2) Is your specialism in translating Swiss Literature self-chosen and influenced by your own reading preferences? If not, how did it come about?
My ‘specialism’ has done just that: come about. I remember reading for the first time that I specialise in translating Swiss fiction. The sentence didn’t come from me but there is a certain truth to it. How did this focus come about? Various factors – or steps along the way. Frisch and Dürrenmatt were among the first writers I read at school and university. Andersch – a German who became Swiss – was the subject of my PhD. His Franz Kien stories were a certain inspiration for my own Liam stories. Fast forward to that cave. I’ve also been attending the Solothurner Literaturtage since 2004 when I had a residency in Berne as a writer. I was later asked to translate over 100 writers for the New Swiss Writing anthologies (2008-2011). That literary exchange between Glasgow and Berne – which later opened up to all of Scotland and more of Switzerland – also meant that for seven years, we had regular Swiss visitors to Glasgow.
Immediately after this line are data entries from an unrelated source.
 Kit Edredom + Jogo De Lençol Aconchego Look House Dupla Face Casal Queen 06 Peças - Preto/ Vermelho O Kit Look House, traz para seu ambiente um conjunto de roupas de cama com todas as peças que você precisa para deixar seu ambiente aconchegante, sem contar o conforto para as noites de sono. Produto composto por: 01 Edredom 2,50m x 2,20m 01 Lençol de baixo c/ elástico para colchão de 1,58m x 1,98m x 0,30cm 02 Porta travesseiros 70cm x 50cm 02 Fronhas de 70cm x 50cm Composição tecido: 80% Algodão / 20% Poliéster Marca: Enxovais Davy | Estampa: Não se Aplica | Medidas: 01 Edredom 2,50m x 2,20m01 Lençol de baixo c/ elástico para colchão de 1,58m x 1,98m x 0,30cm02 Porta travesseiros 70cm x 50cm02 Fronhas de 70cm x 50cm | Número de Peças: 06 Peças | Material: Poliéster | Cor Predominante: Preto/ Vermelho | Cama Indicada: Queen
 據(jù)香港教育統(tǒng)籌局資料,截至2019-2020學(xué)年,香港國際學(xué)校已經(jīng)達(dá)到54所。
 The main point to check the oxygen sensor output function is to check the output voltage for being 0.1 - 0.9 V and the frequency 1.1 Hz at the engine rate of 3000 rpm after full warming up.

Including Pedro Lenz whose novel I’m translating into Glaswegian.

3) What are the particular challenges of translating Swiss fiction?
The so-called Helveticisms. Though dictionaries can normally help. If need be, I ask. Also while, at university, I specialised in the Third Reich and the post-war period from a German point of view, translating someone like Urs Widmer requires research on the Switzerland of the same period. The political landscape etc. The actual landscape can be challenging too. Finding the words for it.

4) According to your website, you’re currently translating Widmer books 4-6? What’s the attraction? How did you become his translator?
If I may answer your questions in a different order: I became Urs’ translator because Naveen Kishore of Seagull Books asked whether I’d be interested in translating My Mother’s Lover, My Father’s Book and the Frankfurt lectures on poetics (due out this summer). A good friend and colleague, Katy Derbyshire, drew Naveen’s attention to me. I was thrilled, of course, not least because Urs’ play Top Dogs is an all-time favourite of mine. It’s both hilarious and heart-breaking. A brilliant and necessary take on the world of work.
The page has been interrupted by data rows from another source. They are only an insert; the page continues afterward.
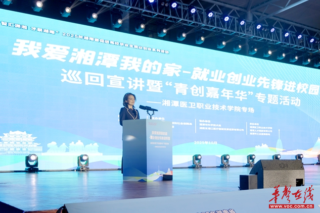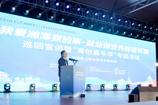 华声在线10月16日讯(通讯员 马良)10月14日晚,“我爱湘潭我的家——就业创业先锋进校园”巡回宣讲暨“青创嘉年华”专题活动在湘潭医卫职业技术学院举行。湘潭市人民政府副市长陈若杨讲话并宣布活动启动,湘潭医卫职院党委书记夏桢致欢迎辞。湘潭市人社局党组书记、局长阳涛,全国人大代表、湘潭宏大真空技术股份有限公司总经理黄乐,湘潭人才集团有限公司党委书记、董事长龙国良以及市就业服务中心、市人力资源服务中心、团市委、市科技局等相关人员,湘潭医卫职院党委委员、副校长成强、刘勇以及党政办、宣传统战部、团委、学工处、招就处、基建后勤处、保卫处负责人,各二级学院党总支书记、副书记、学生科长等3000余名师生共同参加了本次活动。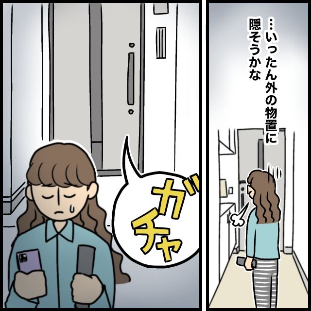 散々言い合いした後、スマホとリモコンを持ったママは、「一旦外の物置に隠そうかな」と玄関を出ました。すると、「ガチャ」玄関のドアが閉まる音がしました。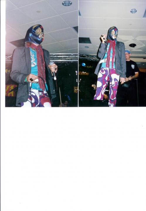 After the Kim Fowley incident in Las Vegas , Sky Saxon appeard on stage , disguised as Mil Mascaras.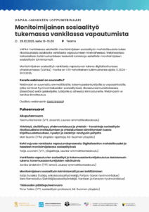 Sosiaalityön tutkimuksen päivät, työryhmä ”Monitoimijaisen sosiaalityön mahdollisuudet ja haasteet rikostaustaisten henkilöiden tukemisessa digitalisoituvassa yhteiskunnassa” (Mari Suonio, Tarja Juvonen). Linkki työryhmiin.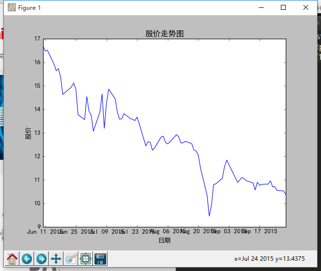 首先来个简单的,获取深圳机场000089的2015-06-10到2015-09-29的数据吧,并且图形显示出来看看。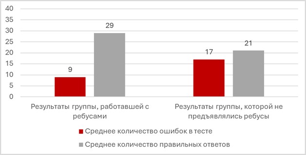 На контролирующем этапе ученики вновь выполнили диагностические задания, аналогичные первоначальным, но по новому лексическому материалу (40 л.е., входящие в состав пройденного учебного блока), что позволило зафиксировать динамику сформированности лексического навыка. Результаты теста продемонстрировали, что обучающиеся, работавшие с визуальными ребусами, в среднем делали на 8 ошибок меньше, чем обучающиеся из второй группы (см. диаграмму 1). В рамках контролирующего этапа была собрана обратная связь: обучающиеся поделились своим мнением об эффективности работы с ребусами в ходе итогового обсуждения или анкетирования. Более 80% пятиклассников ответили, что работа с ребусами была для них интересна, и они хотели бы видеть такие задания на уроках в будущем.

The attraction of Urs’ writing? How long have you got? The great story-telling. The warmth, the humour, the colour. The historical / political context. The outrageous risk-taking, the things the guy pulls off. In the lectures on poetics too. Not just the fiction.
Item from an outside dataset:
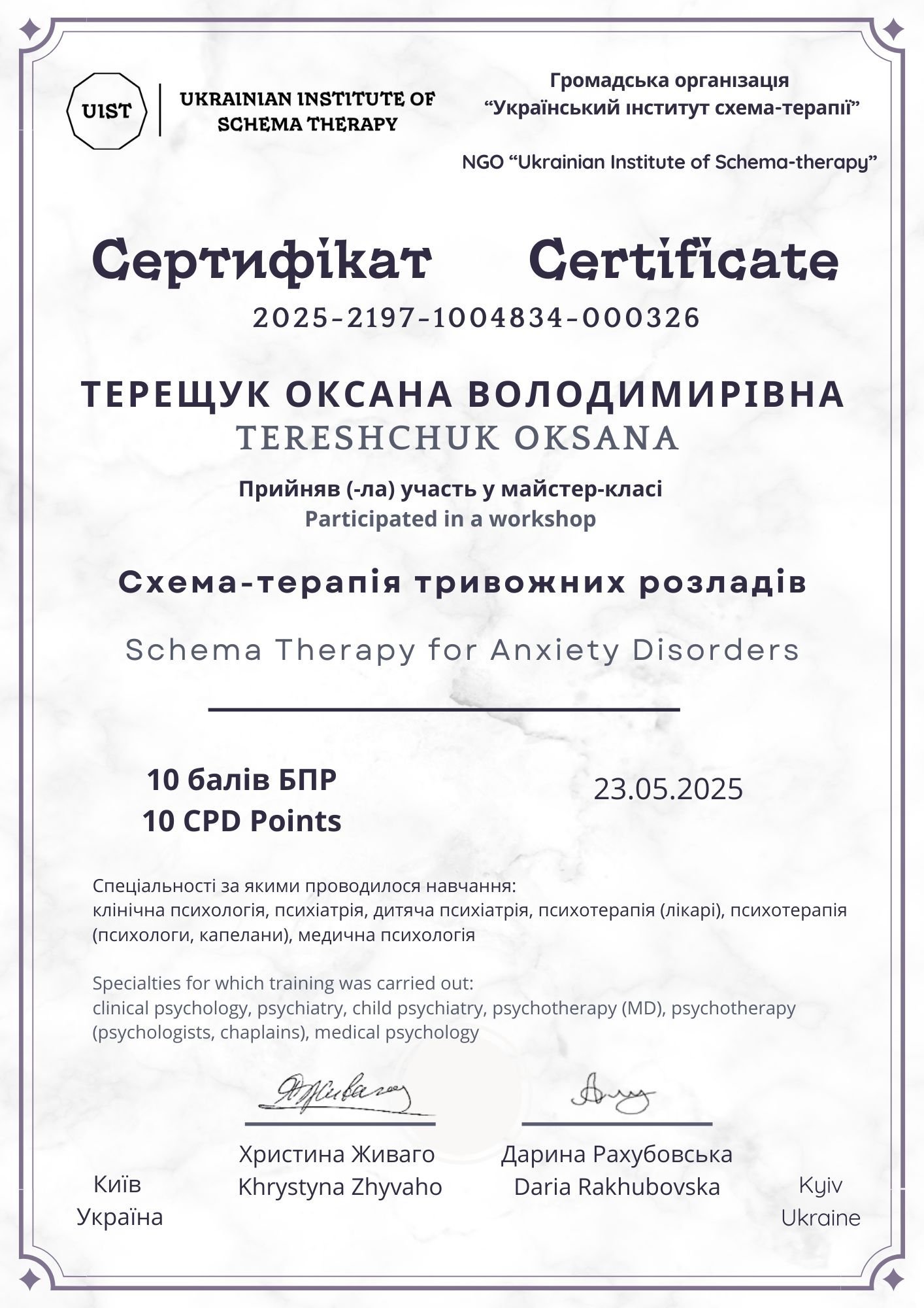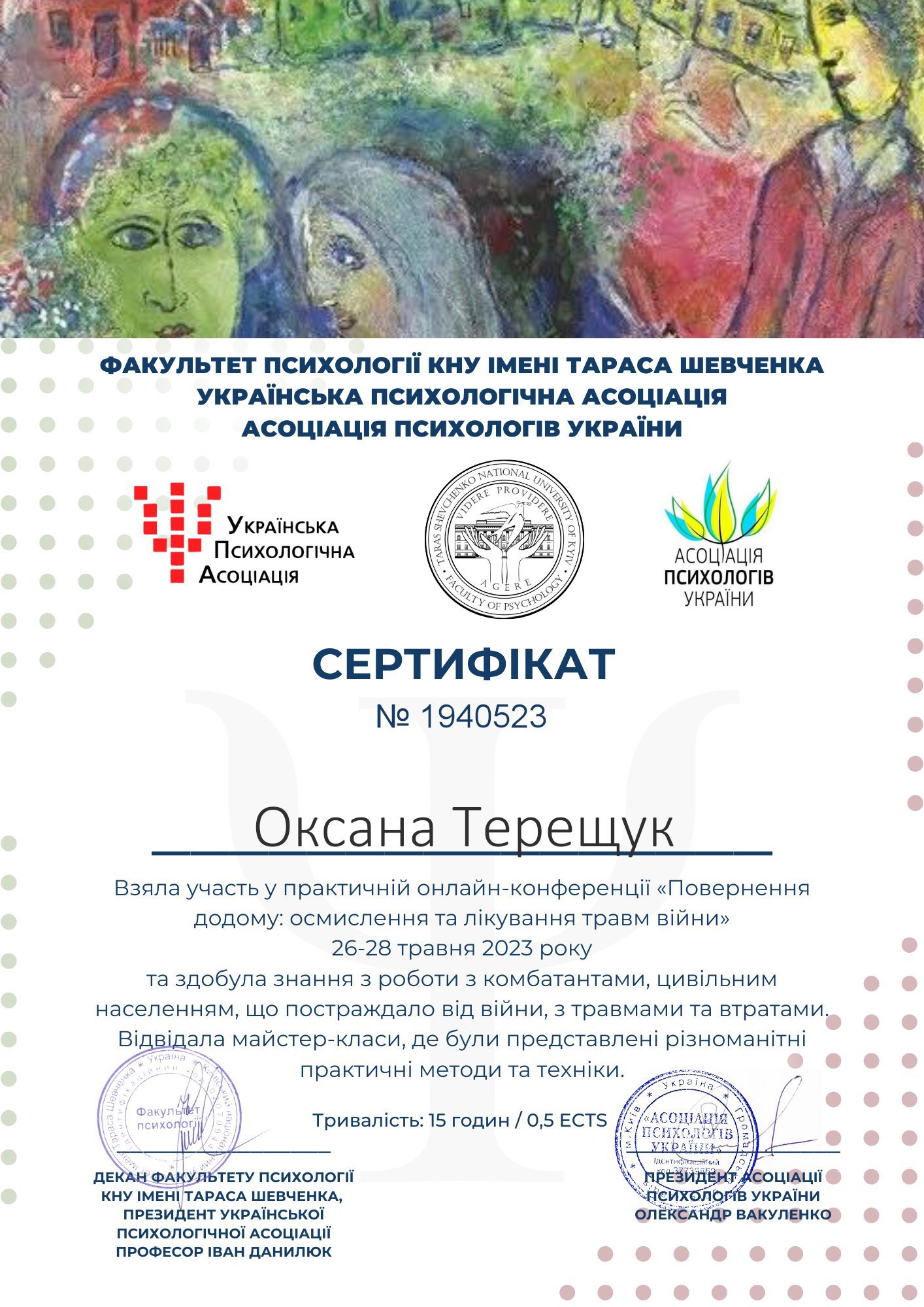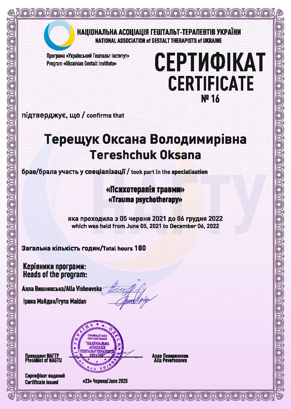 УГИ, член ВОППГП с 2017 года,"Основы гештальт -терапии",1 -я и 2-я ступени.

And yes: books 4-6 are currently happening. And we hope there will be more.

5) Your translation of My Father’s Book is currently long-listed for the Best Translated Book of America? Were there any particular challenges translating this book?

My Father’s Book is long-listed, yes. That might be as far as it goes, of course, but it’s great to get a mention. From memory, three Swiss novels (one written in Russian!) and four German-language titles made the cut – which is encouraging for those who do so much work, both paid and unpaid, to find English-language publishers for books.

Particular challenges? I heard Urs read for the first time while I was working on the Father book – and realised I needed to “up the ante” even more in terms of the energy in the text. I also had this book in particular in mind earlier when I mentioned the need to do research on the historical and political context.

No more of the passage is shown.